== EXERCISE PROMPT ==
In the copy you make of the entries, no picture should appear, and every word must match.

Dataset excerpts

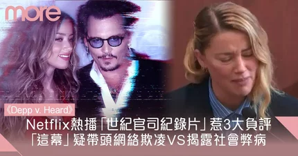 Netflix新推的紀錄片《Depp v. Heard》,除咗紀錄返Johnny Depp同Amber Heard的世紀官司之外,仲有埋唔少「評論家」如一啲TikTok、Twitter、YouTube的KOL、網民對呢單官司的分析同睇法,雖然令觀眾唔駛下下咁悶聽法律論點,不過唔少人就認為咁樣會令描述唔夠完整且帶有偏見,而且紀錄片中普遍言論都係支持Johnny Depp。
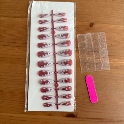 Itsetehdyt press on kynnet koossa XS - S. Settiin kuuluu 2kpl pientä kynsiviilaa, puutikku kynsinauhoille ja liimatarroja kynsien kiinnittämiseen.
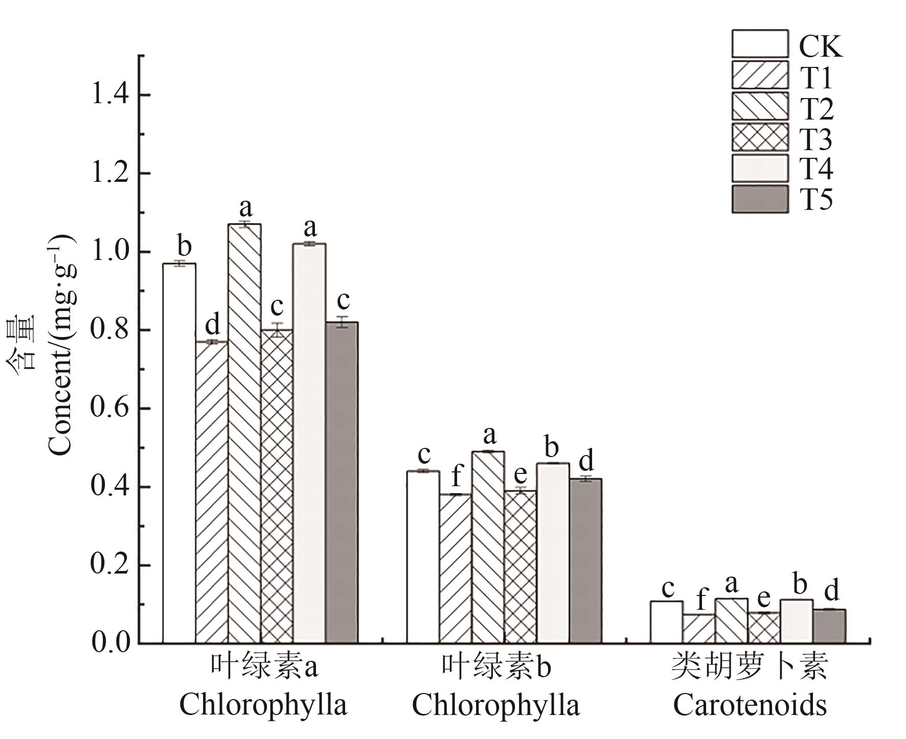 Fig. 2 Photosynthetic pigment content of tobacco plants under different treatmentsNote: Different lowercase letters in same index indicate significant differences between different treatments at P<0.05 level.
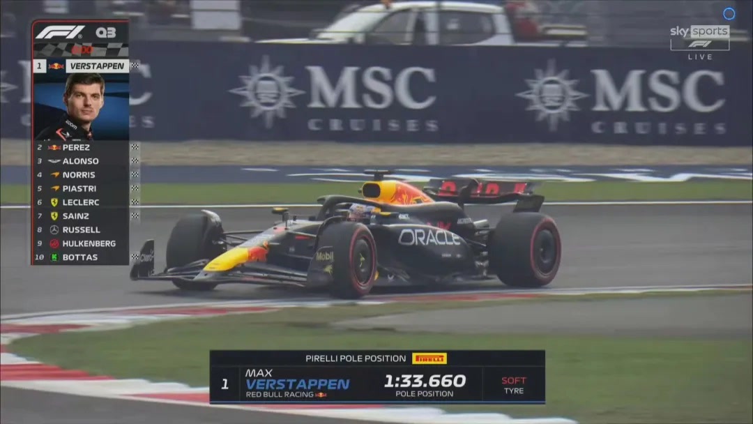在下午的排位赛中,周冠宇排名第16位,止步于排位赛第一节。他距离第15位的佩雷兹只差了0.048秒,只差这一位次就能晋级排位赛第二节。经过三节的比拼,维斯塔潘以1分33秒66的成绩获得正赛杆位。周冠宇表示在正赛中一定会用成绩单来弥补排位赛的损失。他相信车迷也能感受到,中国赛车正在崛起。
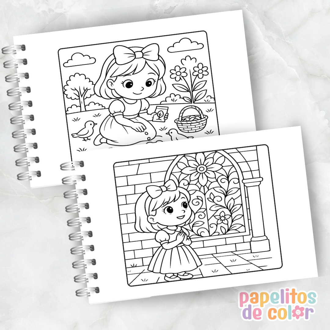 Libro para pintar de Blancanieves en formato A5 horizontal ✨
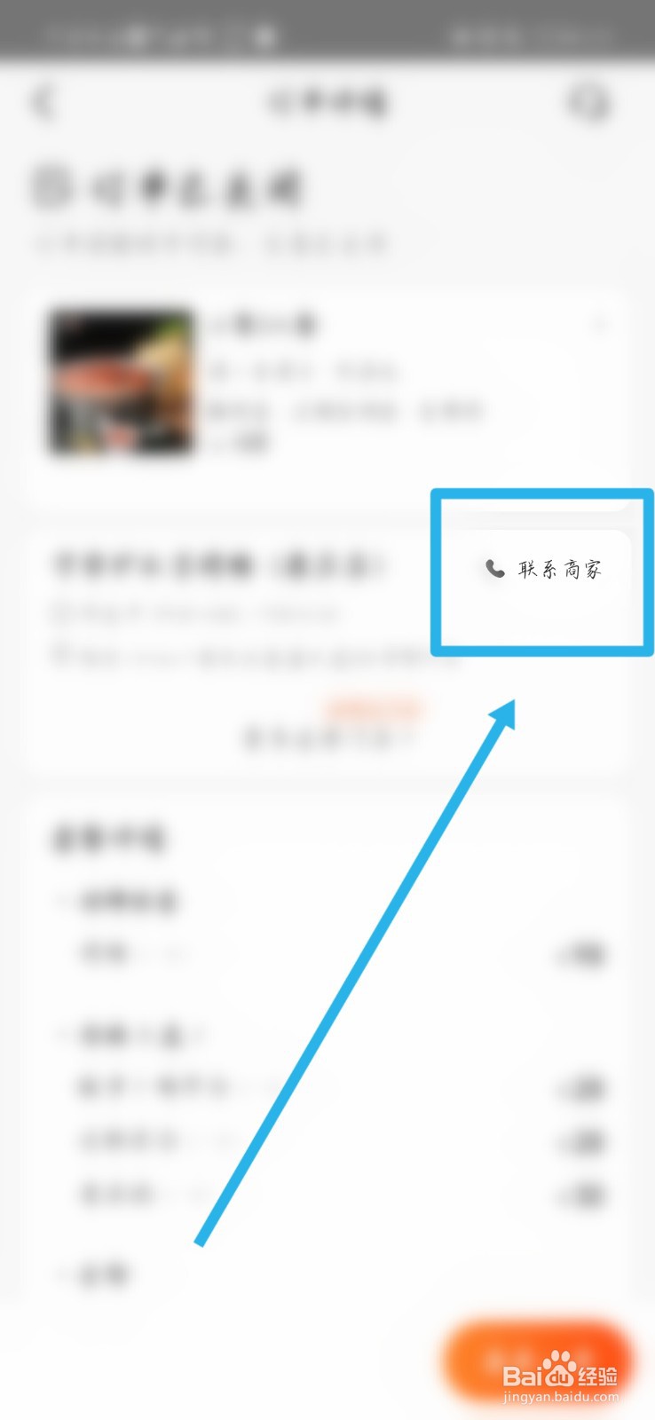 最后,我们在需要退款的订单详情页面点击联系商家说明情况,申请退款,即可退订单

== YOUR RESPONSE ==
 Netflix新推的紀錄片《Depp v. Heard》,除咗紀錄返Johnny Depp同Amber Heard的世紀官司之外,仲有埋唔少「評論家」如一啲TikTok、Twitter、YouTube的KOL、網民對呢單官司的分析同睇法,雖然令觀眾唔駛下下咁悶聽法律論點,不過唔少人就認為咁樣會令描述唔夠完整且帶有偏見,而且紀錄片中普遍言論都係支持Johnny Depp。
 Itsetehdyt press on kynnet koossa XS - S. Settiin kuuluu 2kpl pientä kynsiviilaa, puutikku kynsinauhoille ja liimatarroja kynsien kiinnittämiseen.
 Fig. 2 Photosynthetic pigment content of tobacco plants under different treatmentsNote: Different lowercase letters in same index indicate significant differences between different treatments at P<0.05 level.
在下午的排位赛中,周冠宇排名第16位,止步于排位赛第一节。他距离第15位的佩雷兹只差了0.048秒,只差这一位次就能晋级排位赛第二节。经过三节的比拼,维斯塔潘以1分33秒66的成绩获得正赛杆位。周冠宇表示在正赛中一定会用成绩单来弥补排位赛的损失。他相信车迷也能感受到,中国赛车正在崛起。
 Libro para pintar de Blancanieves en formato A5 horizontal ✨
 最后,我们在需要退款的订单详情页面点击联系商家说明情况,申请退款,即可退订单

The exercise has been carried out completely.